There are different ways to categorise sources of law

  1. Enacted law: legislation in the form of acts and statutes

Unenacted law: case law and institutional writings

  1. Primary sources

  1. Legislation:

  • EU legislation

  • Acts of UK parliament (statutes)

  • Acts of Scottish Parliament

  • Statutory Instruments

  1. Case law

  2. Institutional writings

Secondary sources

  1. Legal literature

  2. Custom

  • Hierarchy of sources:

  1. EU Law

  2. UK Law

  3. Acts of the Scottish Parliament

  4. Secondary Legislation (statutory instruments)

  • Later legislation inconsistent with earlier legislation takes priority

  • Laws made by acts of parliament can reverse decisions of acts of courts (legislation has authority over case law)

  • legislation is interpreted by the courts so courts can have their own interpretation of what this legislation is, but parliament can disagree with this interpretation

  • But legislation that is passed on UK level can apply to all legal systems in the UK (Example: tax legislation-revenue law)

  • But interpretation of this legislation could vary within legal systems

  • Codification: setting out common law in legislative form

  1. Sources of Law: Enacted Law

Legislation

Primary Legislation:

  1. Acts of the Parliament of Scotland: acts of the old parliament

  2. UK Statutes

  3. Acts of the Scottish Parliament (after 1999)

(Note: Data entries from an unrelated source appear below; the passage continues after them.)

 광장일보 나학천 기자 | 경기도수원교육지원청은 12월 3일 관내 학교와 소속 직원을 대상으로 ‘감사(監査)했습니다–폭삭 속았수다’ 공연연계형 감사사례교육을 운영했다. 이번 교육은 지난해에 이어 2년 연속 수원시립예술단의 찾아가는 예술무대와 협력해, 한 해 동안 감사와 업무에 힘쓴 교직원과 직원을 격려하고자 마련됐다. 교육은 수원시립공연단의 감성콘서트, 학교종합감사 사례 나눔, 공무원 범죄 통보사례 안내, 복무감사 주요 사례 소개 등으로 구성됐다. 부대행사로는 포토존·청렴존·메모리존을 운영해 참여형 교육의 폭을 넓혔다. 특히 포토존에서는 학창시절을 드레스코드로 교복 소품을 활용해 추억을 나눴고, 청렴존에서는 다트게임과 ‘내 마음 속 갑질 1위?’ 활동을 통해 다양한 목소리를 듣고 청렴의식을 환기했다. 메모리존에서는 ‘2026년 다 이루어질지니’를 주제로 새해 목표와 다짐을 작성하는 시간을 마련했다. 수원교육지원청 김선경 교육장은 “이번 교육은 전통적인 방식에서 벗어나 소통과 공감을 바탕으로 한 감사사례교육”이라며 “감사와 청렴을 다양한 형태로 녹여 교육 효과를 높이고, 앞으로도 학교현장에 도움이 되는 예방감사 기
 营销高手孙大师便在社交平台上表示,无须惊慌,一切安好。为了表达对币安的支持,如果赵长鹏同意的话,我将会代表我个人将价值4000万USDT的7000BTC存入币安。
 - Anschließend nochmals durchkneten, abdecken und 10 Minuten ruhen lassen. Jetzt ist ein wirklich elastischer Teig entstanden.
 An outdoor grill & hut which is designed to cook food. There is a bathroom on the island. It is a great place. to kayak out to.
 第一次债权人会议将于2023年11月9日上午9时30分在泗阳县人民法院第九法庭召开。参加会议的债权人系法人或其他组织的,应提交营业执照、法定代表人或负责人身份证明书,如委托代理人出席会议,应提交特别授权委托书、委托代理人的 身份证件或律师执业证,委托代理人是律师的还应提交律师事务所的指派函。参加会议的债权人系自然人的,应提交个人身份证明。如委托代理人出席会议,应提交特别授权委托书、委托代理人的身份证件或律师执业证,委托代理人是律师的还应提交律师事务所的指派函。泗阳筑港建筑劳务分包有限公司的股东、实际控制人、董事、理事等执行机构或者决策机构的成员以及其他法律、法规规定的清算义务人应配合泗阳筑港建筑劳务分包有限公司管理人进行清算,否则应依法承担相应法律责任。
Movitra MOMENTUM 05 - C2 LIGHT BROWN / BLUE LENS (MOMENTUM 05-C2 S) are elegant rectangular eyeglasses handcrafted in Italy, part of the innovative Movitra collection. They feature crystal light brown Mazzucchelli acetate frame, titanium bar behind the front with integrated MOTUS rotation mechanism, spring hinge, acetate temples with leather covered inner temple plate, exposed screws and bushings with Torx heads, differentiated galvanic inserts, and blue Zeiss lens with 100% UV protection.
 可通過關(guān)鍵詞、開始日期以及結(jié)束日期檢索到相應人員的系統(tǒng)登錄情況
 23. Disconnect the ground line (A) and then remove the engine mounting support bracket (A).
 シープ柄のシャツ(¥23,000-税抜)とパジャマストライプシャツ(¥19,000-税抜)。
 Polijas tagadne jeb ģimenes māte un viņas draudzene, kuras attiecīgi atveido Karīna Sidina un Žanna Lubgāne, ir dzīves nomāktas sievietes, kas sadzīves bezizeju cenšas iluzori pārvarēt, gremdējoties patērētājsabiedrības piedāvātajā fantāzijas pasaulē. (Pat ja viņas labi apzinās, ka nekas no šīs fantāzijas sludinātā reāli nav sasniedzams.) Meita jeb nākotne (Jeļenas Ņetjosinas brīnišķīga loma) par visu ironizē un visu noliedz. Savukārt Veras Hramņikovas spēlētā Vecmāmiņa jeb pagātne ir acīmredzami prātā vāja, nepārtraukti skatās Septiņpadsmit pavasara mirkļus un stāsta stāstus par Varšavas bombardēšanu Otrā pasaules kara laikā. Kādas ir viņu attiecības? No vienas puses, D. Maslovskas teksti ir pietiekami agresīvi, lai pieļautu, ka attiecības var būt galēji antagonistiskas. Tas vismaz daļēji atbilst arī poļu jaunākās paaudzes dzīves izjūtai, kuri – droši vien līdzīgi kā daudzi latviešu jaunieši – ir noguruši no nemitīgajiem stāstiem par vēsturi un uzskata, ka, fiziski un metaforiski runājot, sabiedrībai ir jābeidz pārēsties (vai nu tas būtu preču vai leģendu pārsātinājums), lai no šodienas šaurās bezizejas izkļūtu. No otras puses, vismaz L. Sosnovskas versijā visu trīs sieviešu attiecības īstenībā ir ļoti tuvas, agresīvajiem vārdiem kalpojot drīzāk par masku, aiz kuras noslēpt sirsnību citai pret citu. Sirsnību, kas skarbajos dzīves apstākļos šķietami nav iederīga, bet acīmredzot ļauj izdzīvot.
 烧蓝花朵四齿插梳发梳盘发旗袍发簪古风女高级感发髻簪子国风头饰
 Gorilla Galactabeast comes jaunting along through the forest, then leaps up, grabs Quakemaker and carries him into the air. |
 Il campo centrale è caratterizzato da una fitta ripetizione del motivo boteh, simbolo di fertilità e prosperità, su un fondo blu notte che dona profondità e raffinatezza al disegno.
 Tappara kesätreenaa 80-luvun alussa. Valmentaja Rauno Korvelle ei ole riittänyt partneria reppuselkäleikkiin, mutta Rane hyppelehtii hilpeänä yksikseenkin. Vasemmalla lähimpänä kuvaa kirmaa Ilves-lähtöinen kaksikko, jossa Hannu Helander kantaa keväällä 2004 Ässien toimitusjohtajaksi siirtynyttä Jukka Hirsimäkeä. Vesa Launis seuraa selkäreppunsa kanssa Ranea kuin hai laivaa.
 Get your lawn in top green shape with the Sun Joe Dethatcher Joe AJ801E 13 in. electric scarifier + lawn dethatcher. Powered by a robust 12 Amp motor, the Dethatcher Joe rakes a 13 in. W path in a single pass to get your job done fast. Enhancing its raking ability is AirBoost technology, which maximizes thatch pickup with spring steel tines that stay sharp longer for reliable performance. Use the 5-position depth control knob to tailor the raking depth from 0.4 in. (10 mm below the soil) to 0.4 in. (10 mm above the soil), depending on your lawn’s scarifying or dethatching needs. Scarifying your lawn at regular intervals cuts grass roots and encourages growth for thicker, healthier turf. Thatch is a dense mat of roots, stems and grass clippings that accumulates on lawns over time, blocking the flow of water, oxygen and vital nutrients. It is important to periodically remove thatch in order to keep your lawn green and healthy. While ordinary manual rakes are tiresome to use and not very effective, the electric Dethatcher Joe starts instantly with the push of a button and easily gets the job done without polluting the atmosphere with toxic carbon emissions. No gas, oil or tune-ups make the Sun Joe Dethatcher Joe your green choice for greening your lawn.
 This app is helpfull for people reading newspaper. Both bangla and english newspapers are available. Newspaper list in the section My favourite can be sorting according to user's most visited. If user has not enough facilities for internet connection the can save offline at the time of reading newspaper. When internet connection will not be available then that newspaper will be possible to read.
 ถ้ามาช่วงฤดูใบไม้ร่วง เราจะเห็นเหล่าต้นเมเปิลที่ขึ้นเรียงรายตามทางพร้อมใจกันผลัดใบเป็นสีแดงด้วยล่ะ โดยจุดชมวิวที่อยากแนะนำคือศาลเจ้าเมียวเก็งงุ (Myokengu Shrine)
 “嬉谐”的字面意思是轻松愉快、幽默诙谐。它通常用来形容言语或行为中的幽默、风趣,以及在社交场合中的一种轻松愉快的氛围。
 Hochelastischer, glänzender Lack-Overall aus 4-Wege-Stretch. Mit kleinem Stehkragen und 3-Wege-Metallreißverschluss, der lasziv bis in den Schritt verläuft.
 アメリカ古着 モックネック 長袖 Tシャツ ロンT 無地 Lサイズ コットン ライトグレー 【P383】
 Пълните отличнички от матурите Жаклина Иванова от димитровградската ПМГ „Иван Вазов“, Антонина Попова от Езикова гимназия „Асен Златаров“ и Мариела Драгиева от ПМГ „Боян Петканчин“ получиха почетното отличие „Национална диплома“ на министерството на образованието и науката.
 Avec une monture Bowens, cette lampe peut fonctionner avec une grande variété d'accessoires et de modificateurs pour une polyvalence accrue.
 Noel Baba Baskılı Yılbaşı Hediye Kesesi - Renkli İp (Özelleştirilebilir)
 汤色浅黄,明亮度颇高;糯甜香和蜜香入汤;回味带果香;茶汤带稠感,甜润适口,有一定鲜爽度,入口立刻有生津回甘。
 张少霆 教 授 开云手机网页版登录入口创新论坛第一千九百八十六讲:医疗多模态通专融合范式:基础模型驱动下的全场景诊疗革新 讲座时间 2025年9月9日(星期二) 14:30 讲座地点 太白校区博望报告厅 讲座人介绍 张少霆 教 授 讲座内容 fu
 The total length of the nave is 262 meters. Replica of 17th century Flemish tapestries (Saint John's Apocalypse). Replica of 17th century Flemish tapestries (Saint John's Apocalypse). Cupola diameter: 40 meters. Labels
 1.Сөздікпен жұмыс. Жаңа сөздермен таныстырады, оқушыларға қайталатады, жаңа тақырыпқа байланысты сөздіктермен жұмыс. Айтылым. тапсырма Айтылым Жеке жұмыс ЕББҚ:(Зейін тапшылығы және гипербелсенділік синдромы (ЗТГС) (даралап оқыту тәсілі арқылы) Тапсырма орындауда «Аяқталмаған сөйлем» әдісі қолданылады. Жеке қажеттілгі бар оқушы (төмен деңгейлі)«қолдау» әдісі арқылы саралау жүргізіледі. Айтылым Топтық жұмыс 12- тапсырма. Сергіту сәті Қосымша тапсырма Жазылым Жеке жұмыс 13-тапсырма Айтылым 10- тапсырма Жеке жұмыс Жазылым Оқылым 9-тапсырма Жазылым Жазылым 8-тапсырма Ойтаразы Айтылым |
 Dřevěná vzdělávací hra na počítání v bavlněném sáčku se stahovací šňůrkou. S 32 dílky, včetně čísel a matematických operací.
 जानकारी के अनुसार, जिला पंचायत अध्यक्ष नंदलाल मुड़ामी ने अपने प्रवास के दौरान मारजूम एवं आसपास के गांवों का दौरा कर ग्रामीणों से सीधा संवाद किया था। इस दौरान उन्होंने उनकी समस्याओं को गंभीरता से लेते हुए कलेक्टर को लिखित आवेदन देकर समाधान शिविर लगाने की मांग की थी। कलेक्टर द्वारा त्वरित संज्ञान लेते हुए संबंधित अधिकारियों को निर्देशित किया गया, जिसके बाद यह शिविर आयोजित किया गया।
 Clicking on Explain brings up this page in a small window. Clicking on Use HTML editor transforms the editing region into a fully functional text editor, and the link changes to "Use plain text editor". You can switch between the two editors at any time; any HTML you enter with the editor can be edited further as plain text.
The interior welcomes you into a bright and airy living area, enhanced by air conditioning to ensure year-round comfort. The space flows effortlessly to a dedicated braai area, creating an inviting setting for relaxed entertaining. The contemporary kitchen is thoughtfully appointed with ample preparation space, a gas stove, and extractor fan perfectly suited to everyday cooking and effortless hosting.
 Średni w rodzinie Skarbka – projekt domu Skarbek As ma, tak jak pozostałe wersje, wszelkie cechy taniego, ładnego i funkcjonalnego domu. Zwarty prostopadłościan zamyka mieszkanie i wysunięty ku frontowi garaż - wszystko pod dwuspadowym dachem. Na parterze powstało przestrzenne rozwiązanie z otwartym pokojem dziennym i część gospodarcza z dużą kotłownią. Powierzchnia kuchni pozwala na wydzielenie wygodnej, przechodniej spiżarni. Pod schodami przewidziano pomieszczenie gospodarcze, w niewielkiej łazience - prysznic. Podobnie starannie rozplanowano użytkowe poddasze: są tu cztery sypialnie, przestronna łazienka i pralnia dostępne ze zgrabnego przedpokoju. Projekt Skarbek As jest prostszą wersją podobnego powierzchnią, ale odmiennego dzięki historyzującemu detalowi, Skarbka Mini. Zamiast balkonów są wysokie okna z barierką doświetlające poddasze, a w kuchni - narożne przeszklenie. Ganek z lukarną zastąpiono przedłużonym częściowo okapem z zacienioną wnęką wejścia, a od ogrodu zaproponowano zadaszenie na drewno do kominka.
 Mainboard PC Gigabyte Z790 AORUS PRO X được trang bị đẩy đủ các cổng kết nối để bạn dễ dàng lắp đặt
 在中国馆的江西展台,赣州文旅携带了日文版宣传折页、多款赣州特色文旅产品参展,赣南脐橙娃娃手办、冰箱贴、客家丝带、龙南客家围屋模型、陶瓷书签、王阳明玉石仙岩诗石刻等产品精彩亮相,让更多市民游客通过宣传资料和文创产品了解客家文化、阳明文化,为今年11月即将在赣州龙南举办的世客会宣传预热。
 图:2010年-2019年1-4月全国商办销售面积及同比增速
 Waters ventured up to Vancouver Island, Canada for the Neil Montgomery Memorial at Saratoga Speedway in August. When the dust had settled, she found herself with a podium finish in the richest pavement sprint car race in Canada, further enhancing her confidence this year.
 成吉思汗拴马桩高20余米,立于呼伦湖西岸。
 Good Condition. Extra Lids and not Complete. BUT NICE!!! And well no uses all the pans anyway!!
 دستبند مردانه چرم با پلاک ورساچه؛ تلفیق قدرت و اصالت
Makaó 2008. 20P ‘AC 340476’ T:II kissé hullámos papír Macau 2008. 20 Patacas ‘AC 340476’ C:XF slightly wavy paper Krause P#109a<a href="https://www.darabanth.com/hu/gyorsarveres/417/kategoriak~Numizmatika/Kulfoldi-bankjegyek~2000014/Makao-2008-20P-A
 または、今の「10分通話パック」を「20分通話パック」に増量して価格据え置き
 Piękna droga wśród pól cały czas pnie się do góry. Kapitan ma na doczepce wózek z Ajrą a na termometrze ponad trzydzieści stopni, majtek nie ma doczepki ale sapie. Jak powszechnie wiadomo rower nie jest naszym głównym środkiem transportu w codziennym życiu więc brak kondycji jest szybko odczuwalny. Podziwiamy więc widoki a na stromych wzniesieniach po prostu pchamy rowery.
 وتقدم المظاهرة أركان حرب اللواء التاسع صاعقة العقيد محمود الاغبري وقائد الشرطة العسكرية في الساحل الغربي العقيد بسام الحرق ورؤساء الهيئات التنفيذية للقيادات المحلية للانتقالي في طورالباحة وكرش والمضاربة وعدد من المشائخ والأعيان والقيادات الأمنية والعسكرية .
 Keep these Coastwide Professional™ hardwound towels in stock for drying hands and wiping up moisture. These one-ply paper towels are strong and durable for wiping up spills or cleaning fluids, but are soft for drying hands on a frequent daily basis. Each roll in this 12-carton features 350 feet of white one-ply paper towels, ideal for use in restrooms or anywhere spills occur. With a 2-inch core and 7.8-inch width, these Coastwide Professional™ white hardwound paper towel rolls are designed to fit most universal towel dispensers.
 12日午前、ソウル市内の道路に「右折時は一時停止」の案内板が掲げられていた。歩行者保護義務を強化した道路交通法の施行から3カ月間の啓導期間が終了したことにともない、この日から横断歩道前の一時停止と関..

  4. European Union Law: treaties, regulations, directives,

  5. European Convention on Human Rights

  • Created by parliament (Scottish or UK)

  • Restrictions:

    • EU Law

    • Human Rights Act 1998

  • Scotland Act 1998 (legislative competence)

  • Structure:

  • Short title

  • Long title: informs what the legislation is about in detail

  • Chapter number: indicate the chronological order of legislation passed throughout the calendar year

  • Enacting formula (Parliament Acts specialties)

  • Marginal notes: written by the drafter, not passed by parliament

  • Sections, Sub-sections, Paragraphs, sub-paragraphs

  • Interpretation sections: what words mean etc.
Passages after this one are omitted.